Корабельщик усмехнулся в свою бороду. Собрав силы, он ответил:
- По всему видно, Бог греков строитель, а не воин. Недаром, я слышал, Он рос в семье плотника. Вот что еще скажу: похваляется Харальд, что огнем и мечом забрал себе земли Херланда и Рогаланда. Грозится он завоевать себе новые земли, а все огнем и мечом. Есть земли на западе, но еще больше их на востоке, за озером Нево, и если на них не позарится сам Харальд, то многие глупцы, которые будут звать себя конунгами, рано или поздно туда полезут. Однако, сам знаешь, меч там — плохой помощник. Вот почему если и будут владеть они в Гардарики от силы всего лишь несколькими городами, то и те в конце концов потеряют. Что правда то правда.
Затем он помолчал, собираясь с силами, и продолжил:
- Знаю я, что ушли от тебя Торальв Щука и Стеймонд Рыжеусый, а все оттого, что поняли — путь твой иной, чем пути людей фьордов.
Рюрик Молчун сказал:
- Да, это так. Впрочем, ты все видел.
Рунг сказал:
- Слышал я также, что оставили тебя и свеи, и карелы.
Сын Олафа подтвердил:
- Да, все это так!
Корабельщик воскликнул:
- Вот и вся тайна о греческом Боге! Когда пожелаешь набрать земли в четыре раза больше, чем Харальд, — захвати с собой не меч, а топор плотника!
Рюрик Молчун спросил угрюмо:
- К чему твои слова? Они бесполезны.
Рунг ответил:
- Как знать, как знать.
На том закончился их разговор.
Вскоре после этого Рунг Корабельщик ушел к Хель. Рюрик–ярл приказал отдать Корабельщику все почести, какие только отдают мертвым ярлам и конунгам: посадили Рунга на один из кораблей, подожгли тот корабль и отправили в море. Оставшиеся в Бьеорк–фьорде немногие викинги и работники молча провожали тот корабль. Они не сомневались, кто явился истинным виновником всех бед, которые свалились на их головы. Никто из них не скорбел о Рунге, ибо не было за ним ни походов, ни побед, ни добычи, о которых можно долго говорить. И хотя славился Рунг как лучший корабельный мастер во всей Норвегии, но из всех построенных им кораблей осталась одна лишь Большая Птица, правда, самый большой в Норвегии дракон, но все сходились во мнении, что толку от такого корабля теперь никакого.

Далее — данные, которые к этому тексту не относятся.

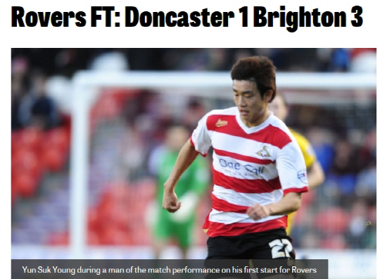 윤석영은 3일 자정 돈캐스터 킵모트스타디움에서 펼쳐진 영국 챔피언십(2부리그) 브라이턴 앤드 호브알비언전에서 선발출전해, 90분 풀타임을 뛰었다. 1-1로 균형을 유지하던 돈캐스터는 막판 5분, 세트피스 상황에서 2골을 내주며 1대3으로 패했다. 팀은 패했지만 왼쪽 측면에서 윤석영의 활약은 단연 돋보였다. 영국 일간지 더스타는 1대3 패배에도 불구하고 윤석영을 메인 사진으로 내걸었다. "첫 선발 데뷔전에서 '맨 오브 더 매치(Man of the Match)' 활약을 선보였다"고 칭찬했다.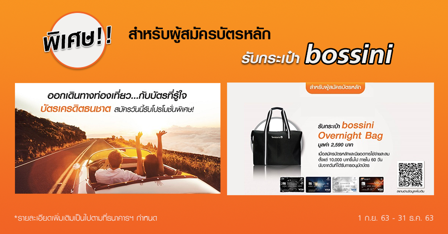 ต่อที่ 1 : รับกระเป๋า Bossini overnight bag มูลค่า 2,590 บาท เมื่อมียอดการใช้จ่ายสะสมตั้งแต่ 10,000 บาทขึ้นไป ภายในระยะเวลา 60 วัน นับจากวันที่ได้รับการอนุมัติ โดยธนาคารจะจัดส่งของกำนัลให้ภายใน 90 วัน นับจากวันใช้จ่ายครบตามหลักเกณฑ์ดังกล่าว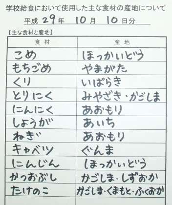 10月10日の給食 公開日 2017/10/11 更新日 2017/10/11 その他の教育活動 *栗ごはん *とりの照り焼き *野菜のおかか炒め *たけのこのそぼろ煮 *ぶどうジュース 今日はなかよしタイム「お弁当給食」でした。 給食室でひとつひとつ心を込めて手作りしたお弁当を持って、なかよし班のみんなと、校庭・屋上・体育館でいただきました。 いつもと違う仲間、いつもと違う場所!みんなとても楽しそうでした。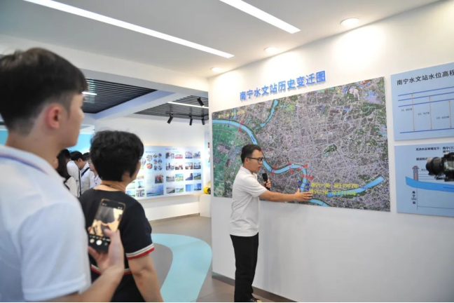 “南宁水文中心站是全区四个‘年水文站’的基层站点之一,也是第一批入选水利部的百年水文站,早在1907年就已有老一代水文人在邕江边开展水文测报工作。”在南宁水文中心站,南宁水文中心站副站长徐锋向同学们介绍了该站的发展历史及其在珠江流域治理中的重要作用。作为珠江流域西江水系郁江干流的重要控制站,南宁水文中心站是国家基本水文站,被誉为邕江防汛安全的守护者、邕江流域的“晴雨表”。长期以来,该站干部职工秉承“求精、务实、奉献、创新”的精神,加密监测值守、强化预测预报预警,为地方防汛抢险决策提供及时准确的水雨情信息和技术保障。

К той же весне перестали кричать вороны на Бьеорк–горе, но по ночам часто слышался вой волков. Отмонд решил задобрить хранителей Асгарда и весьма постарался — на этот раз не жалели ничего, чтоб умилостивить обитателей горы. Но со священного ясеня пронесшаяся над фьордом сразу после приношения буря сорвала все дары — это был недобрый знак. Кроме того, с горы начали внезапно скатываться большие камни, чего раньше никогда не случалось, и одним таким камнем насмерть задавило Вирга–работника.

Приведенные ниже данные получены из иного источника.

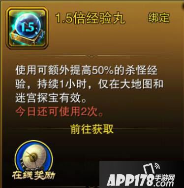 在这里建议诸位玩家们每天记得领取在线福利当中的1.5倍经验丸。1.5倍经验丸可以额外提高50%的杀怪经验,持续一个小时,仅能在大地图与迷宫探宝当中有效。大图当中怪物的经验相信诸位玩家们都懂得,那么经验丸要使用在那里自然也就不言而喻了。

Той же весной Харальд прислал к Молчуну двух своих лендрманнов — те потребовали полного подчинения Косматому. В их поведении была большая заносчивость. Рюрик им отвечал:
— Пусть Харальд заберется на вершину горы Бьеорк, и тогда хоть на животе готов я буду приползти к сыну Хальвдана.

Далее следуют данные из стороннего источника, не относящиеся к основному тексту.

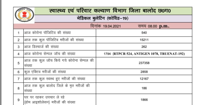 बालोद। बालोद जिले में अब तक कोरोना से 186 लोगों की मौत हो गई है। सोमवार को 540 लोगों की रिपोर्ट पॉजिटिव आई है । बालोद के कोविड अस्पताल में रविवार शाम 7 बजे के बाद से सोमवार शाम 7 बजे तक यानी 24 घंटे में 10 संक्रमितों की मौत की पुष्टि स्वास्थ्य विभाग ने की थी। रायपुर व दल्ली के अस्पताल में 5 संक्रमितों की मौत होने की पुष्टि हुई है। इस तरह 15 संक्रमितों ने दम तोड़ा। यह विभाग के अनुसार ही न्यूनतम आंकड़ा है। आंकड़े बदल सकते है। कोविड अस्पताल में शाम 4 बजे छग शिक्षक महासंघ के जिला मीडिया प्रभारी व कोहंगाटोला संकुल के समन्वयक रेलवे कॉलोनी निवासी विवेक उइके (32) की मौत हो गई।

Посланники, посчитав такой ответ за неприкрытую насмешку, вернулись к своему господину и все ему передали. Так настало время, о котором многие предупреждали. Рыбаки Атли и Гримвольв Сеть гостили у родичей в Херланде, и, как только увидели приготовления Харальда, тотчас вернулись; рассказывали они, что собрал Косматый невиданные силы — а все для того, чтобы запереть Рюрика, у которого едва наберется воинов на один корабль, в его фьорде, и держать осаду до тех пор, пока тот либо не помрет от старости, либо не выйдет навстречу Харальдовым секирам, подобно обложенному в пещере медведю. Атли с Гримвольвом подробно описали, кто сидел на драконах норвежского конунга: как и следовало ожидать, собрались там лучшие из лучших. Заметили они среди прочих и Вирге со своими сыновьями, и Синьбьерна, отца Одноглазого Хескульда, который был хоть и стар, но поклялся отомстить за сына. В три ряда у пристаней стояли корабли конунга, и столько находилось на них гребцов, что Атли сбился со счета. Харальд, не скрывая теперь ни от кого, куда направляется, твердил всем, что если осмелится последний свободный ярл выйти навстречу его флоту, то он, Харальд, прикажет изготовить из Рюрикова черепа чудесную чашу, велит вкрапить в нее драгоценные камни и будет достойно с ней обходиться. Приятно будет ему поднимать ее на пирах и плескать в нее фризские вина. Харальд и Гримвольва с Атли не задерживал и ничего от них не скрывал — а все для того, чтобы донесли они его угрозы до ушей бьеоркского вождя.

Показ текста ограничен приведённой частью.